Tesaro has been asked by NICE to submit a proposal for Zejula use on the National Health Service via the Cancer Drugs Fund for maintenance treatment of patients with relapsed, platinum-sensitive ovarian, fallopian tube and peritoneal cancer.
The drug was approved by European regulators in November last year for patients in a complete response (CR) or partial response (PR) to platinum-based chemotherapy.
Zejula (niraparib) is the first once-daily, oral poly (ADP-ribose) polymerase (PARP) 1/2 inhibitor to be cleared in the region for patients regardless of BRCA mutation status.
Platinum-based chemotherapy is an effective but its efficacy diminishes over time, and progression-free survival becomes shorter after each successive platinum treatment, highlighting the need for new treatment options.

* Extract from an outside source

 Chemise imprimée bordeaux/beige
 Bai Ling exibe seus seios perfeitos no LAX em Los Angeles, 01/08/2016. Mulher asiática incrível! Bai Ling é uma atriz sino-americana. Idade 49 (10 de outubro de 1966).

According to Tesaro, Zejula provides an opportunity to increase progression-free survival after platinum therapy, which it says will have "a profound impact" on women and their families.

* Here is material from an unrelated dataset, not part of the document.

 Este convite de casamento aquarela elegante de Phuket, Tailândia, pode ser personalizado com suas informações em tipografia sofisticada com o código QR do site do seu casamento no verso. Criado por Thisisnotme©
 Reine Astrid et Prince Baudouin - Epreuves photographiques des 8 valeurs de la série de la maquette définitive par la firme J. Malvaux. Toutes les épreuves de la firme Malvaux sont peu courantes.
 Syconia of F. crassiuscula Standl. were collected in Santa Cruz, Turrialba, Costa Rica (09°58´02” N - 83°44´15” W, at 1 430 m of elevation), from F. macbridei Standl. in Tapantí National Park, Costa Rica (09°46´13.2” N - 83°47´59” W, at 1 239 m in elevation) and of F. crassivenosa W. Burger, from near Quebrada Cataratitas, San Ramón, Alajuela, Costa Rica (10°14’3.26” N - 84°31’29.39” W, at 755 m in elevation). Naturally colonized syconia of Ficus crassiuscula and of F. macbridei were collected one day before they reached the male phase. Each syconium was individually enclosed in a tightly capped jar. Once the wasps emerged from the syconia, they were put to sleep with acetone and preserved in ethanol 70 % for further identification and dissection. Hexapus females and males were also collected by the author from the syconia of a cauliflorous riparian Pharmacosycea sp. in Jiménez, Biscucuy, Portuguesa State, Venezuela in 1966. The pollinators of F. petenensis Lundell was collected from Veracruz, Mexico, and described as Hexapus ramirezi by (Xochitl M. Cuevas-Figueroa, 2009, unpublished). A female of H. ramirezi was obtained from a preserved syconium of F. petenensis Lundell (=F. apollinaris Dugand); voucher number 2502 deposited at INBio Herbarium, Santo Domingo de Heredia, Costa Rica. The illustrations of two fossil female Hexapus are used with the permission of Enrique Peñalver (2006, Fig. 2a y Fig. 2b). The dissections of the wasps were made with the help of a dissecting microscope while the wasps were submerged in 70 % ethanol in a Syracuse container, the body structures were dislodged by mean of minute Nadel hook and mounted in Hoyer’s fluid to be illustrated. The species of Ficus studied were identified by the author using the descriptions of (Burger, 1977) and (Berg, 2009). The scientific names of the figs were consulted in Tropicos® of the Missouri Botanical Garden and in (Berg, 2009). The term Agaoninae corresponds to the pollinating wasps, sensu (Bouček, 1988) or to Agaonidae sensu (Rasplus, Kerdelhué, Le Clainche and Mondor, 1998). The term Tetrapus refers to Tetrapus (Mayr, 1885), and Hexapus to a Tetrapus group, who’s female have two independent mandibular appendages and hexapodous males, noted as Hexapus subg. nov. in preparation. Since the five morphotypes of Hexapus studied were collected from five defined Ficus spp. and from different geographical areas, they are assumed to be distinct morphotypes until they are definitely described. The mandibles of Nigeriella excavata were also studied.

In clinical trials, the treatment was shown to cut the risk of disease progression or death by 73 percent in patients with germline BRCA mutations and by 55 percent in those without germline BRCA mutations, the firm noted.
However, in draft guidelines, the National Institute for Health and Care Excellence has concluded that despite being recognised as a promising treatment, there was not sufficient evidence of clinical and cost effectiveness for Zejula to be recommended for routine commissioning.
The drug’s inclusion in the CDF, however, would allow uncertainties in the clinical evidence to be addressed through the collection of additional data, it said.
As such, the company has been invited by NICE to submit a proposal for including Zejula in the CDF for treating relapsed, platinum-sensitive high-grade serous epithelial ovarian, fallopian tube or primary peritoneal cancer that has responded to the most recent course of platinum-based chemotherapy in adults, but only if patients have a germline BRCA mutation and have had two courses of platinum-based chemotherapy, or they do not have a germline BRCA mutation and have had two or more courses of platinum-based chemotherapy.